Желтая рота отступала ночью, хотя отступала — сильно сказано, их гнал по пересеченной местности многажды превосходивший силами противник, к тому же преследовавший их на территории, которую знал как свои пять пальцев. В лесах слышались вопли, ржание лошадей, вдалеке мелькали огни. А когда солнце взошло, оборванные и уставшие сайпурские солдаты поняли, что не знают, где находятся.
Им никогда прежде не приходилось видеть эту линию холмов на горизонте. Разведка донесла: вблизи есть люди — но никаких укреплений, просто отдельно стоящие фермы.
Бисвал мгновенно все понял. «Мы обошли их укрепления! — вскричал он, сидя верхом на своем боевом скакуне. — Во имя всех морей, мы у них в тылу!» Желтая рота не знала, что преследовать ее была отправлена целая бригада, которую, по счастью, отвлек генерал Пранда, далеко на юге бросивший в бой основные силы по всей линии соприкосновения. Это значило, что Желтую роту никто более не преследует и сражаться с ними на континентской территории некому.
Так не должно было случиться. Но случилось.
Мулагеш до сих пор помнит вечер первого дня, когда Бисвал подошел к ней и отвел в сторону.
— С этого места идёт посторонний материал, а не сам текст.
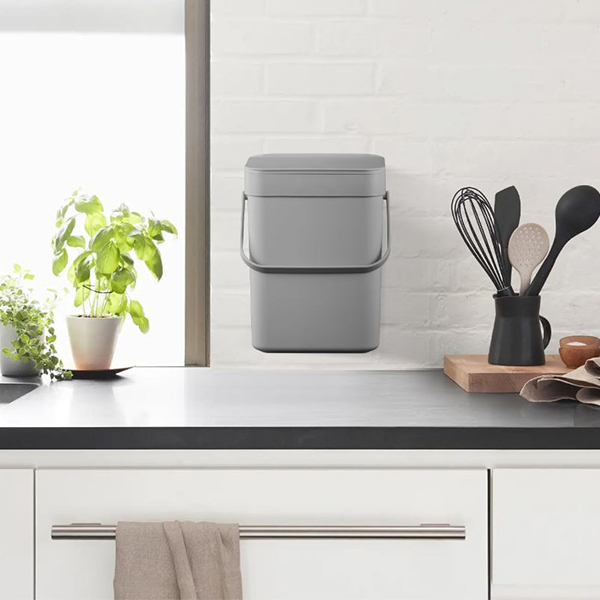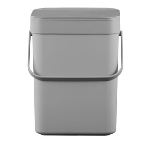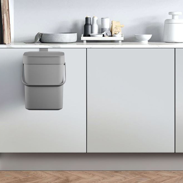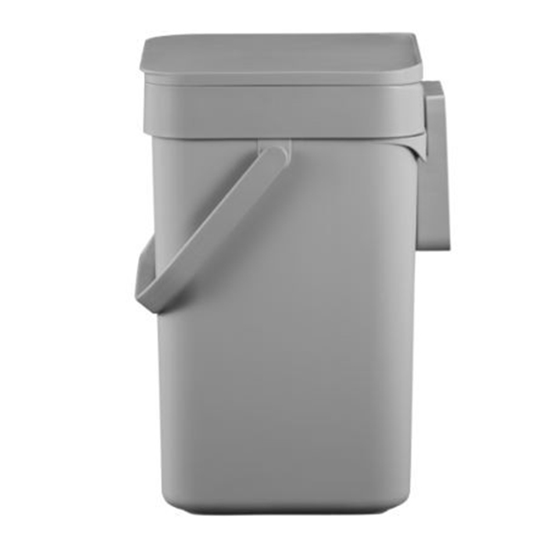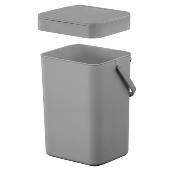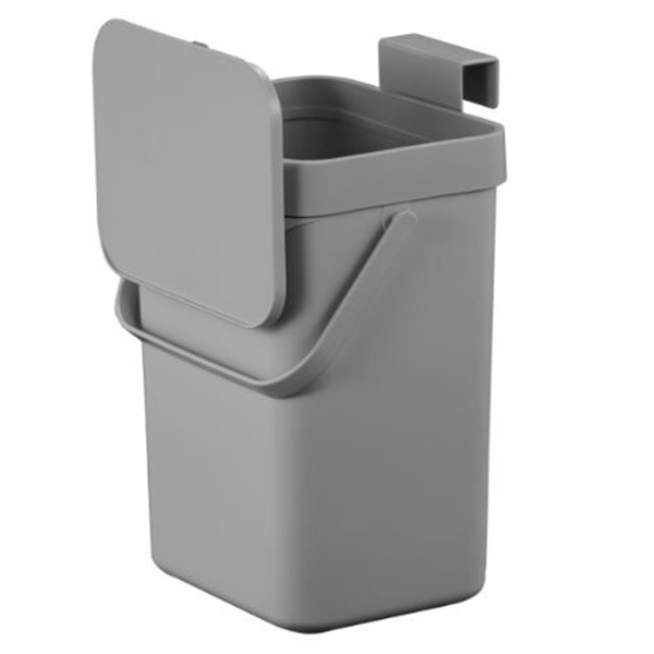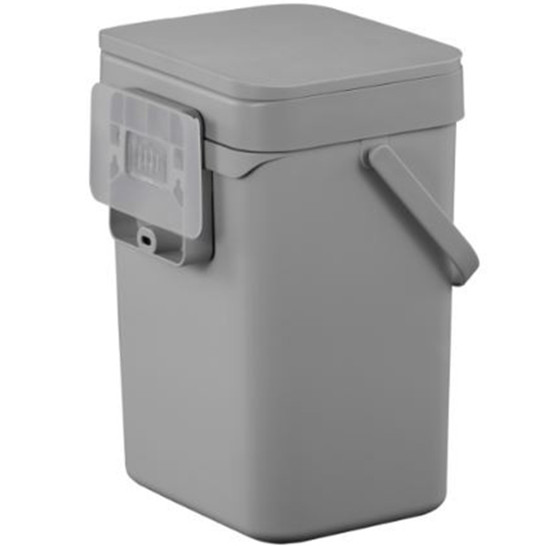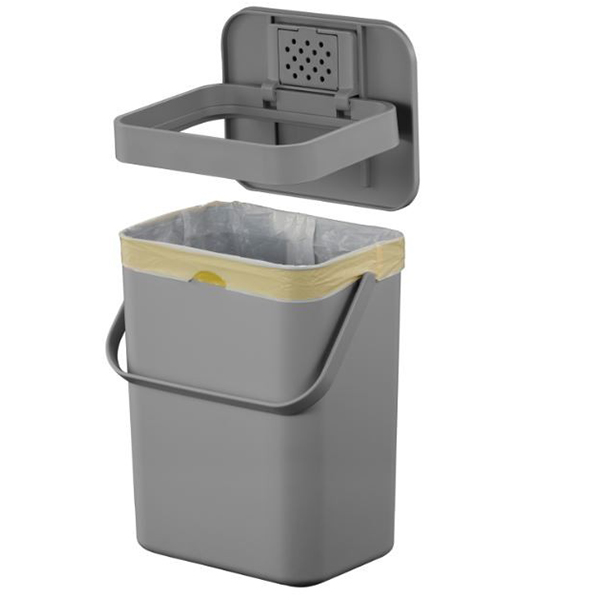 Компактен пластмасов кош за хранителни отпадъци. Снабден с удобна дръжка за лесно преместване. Двата начина на отваряне на капака повишават ефективността при използване. Лесен за окачване на вратата на кухненския шкаф, може също да се закачи на стена или да се постави на плота. Кошът има подвижна рамка, за да държи торбата с отпадъци на място и е лесен за почистване.

На холмы наползал туман, из лагеря доносились стоны и рыдания. Зажигать костры Бисвал запретил — дым мог их выдать, — поэтому все, обхватив себя руками и дрожа, довольствовались сухпайком, которого было в обрез, потому что они не готовились к длительному маневру и к тому же растеряли много провизии во время спешного отступления.
Он привел ее на маленькую лесную полянку.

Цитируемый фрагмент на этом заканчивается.